O.K. you German guys,need a little help with this one.Got it at an antique shop this past weekend.It's sealed with the contents.Got a feeling I paid a little too much for it,but I might have scored a job on an old Victorian house.So it may pay off.


----------



## ajohn (Oct 19, 2009)

The other side


----------



## ajohn (Oct 19, 2009)

Another view


----------



## FloridaRecycled (Oct 19, 2009)

Found this on "Digger's" website...from 2000

Your bottle is quite common in turn of the century dumps and privies.  It contained a liqueur called Kummel.  the ingredients of which include: Caraway seeds, Anise seeds, Fennel seeds, Angelica root, Cloves, Cumin, Vodka, Glycerine and sugar.  As you can see from the trademark it is an imported brand.  The bottles were probably made in Germany.  Value in amber $5-10. Digger 

 Of course - that is an empty one 8 sided - about 10 3/4 to 11" tall?


----------



## ajohn (Oct 19, 2009)

The label


----------



## FloridaRecycled (Oct 19, 2009)

Anthony...this website shows the bottle - if you click on the picture it has a great base shot...I've also seen b/w $15-19 a couple other places (again empty and no label)...

http://www.antiquebottles.co.za/Pages/Categories/GlassGeneralSection.htm


----------



## ajohn (Oct 19, 2009)

Thanks Tina.I know better than to buy something without doing my homework.Too bad I don't drink anymore...not really


----------



## FloridaRecycled (Oct 19, 2009)

If you like the bottle (and it's still got label)...plus when you were talking about the Victorian house you are talking about the possibility of getting to dig???  I say woo hoo!  ...and I do hope it works out I would love to see pics/video of that!

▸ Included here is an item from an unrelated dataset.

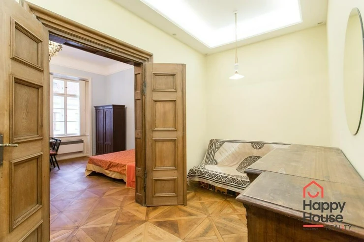 We offer to rent a spacious, fully furnished and equipped one-bedroom apartment of 50 sqm situated in the picturesque and quiet location of Prague 1, in Malá Strana. The apartment is located on the 2nd floor of a brick historical building without an elevator, right below Prague Castle. The apartment includes a shared garden in the courtyard.

 Gotta love that amber glass (is that what drew you to it?)


----------



## ajohn (Oct 19, 2009)

You betcha,I'm all over the color thing.


----------



## LC (Oct 20, 2009)

I have always liked that bottle , although I do not think it sells for a whole lot of money . Had mine in my hand just the other day out in the building . Only problem with mine , is that years ago a more or less junk bottle I had sitting on a narrower shelf above it fell and landed on the shoulder of the bottle cracking the living H out of it , the top finally even broke off . Its been out there for I know a good twelve years just taking space , I haven't the heart to throw it away .


----------



## JustGlass (Oct 21, 2009)

I like the Gilka bottles. Ive seen them in nice colors. I saw a super crude red amber one in Maine. My brother had his eye on it but by the time he decided to make the purchase it was to late and had sold. I picked up this beautiful yellow amber Gilka in Northwood NH. Ive also seen them in a nice green color. I havn't seen any with labels like the one you posted. Very interesting.


----------



## JustGlass (Oct 21, 2009)

Cool Base


----------



## Tony14 (Oct 22, 2009)

Ive got a nice olive green one sittin around here..ill get some pics up if i get a chance tommarrow


----------



## Tony14 (Oct 28, 2009)

sorry it took so long. i just remembered today lol. Mine is the older variation without the front embossing and is a deep olive amber type color. First one shows the color almost spot on...


----------



## Tony14 (Oct 28, 2009)

and the whole bottle...looks really amber in this one for some reason..not sure why


----------



## Dansalata (Oct 28, 2009)

MAYBE NOT WORTH A LOT BUT A NICE BOTTLE TO ME, I WAS TOTALLY STOKED WHEN I FOUND THIS ONE, I CARRIED IT LIKE A BABY TO MY TRUCK...


----------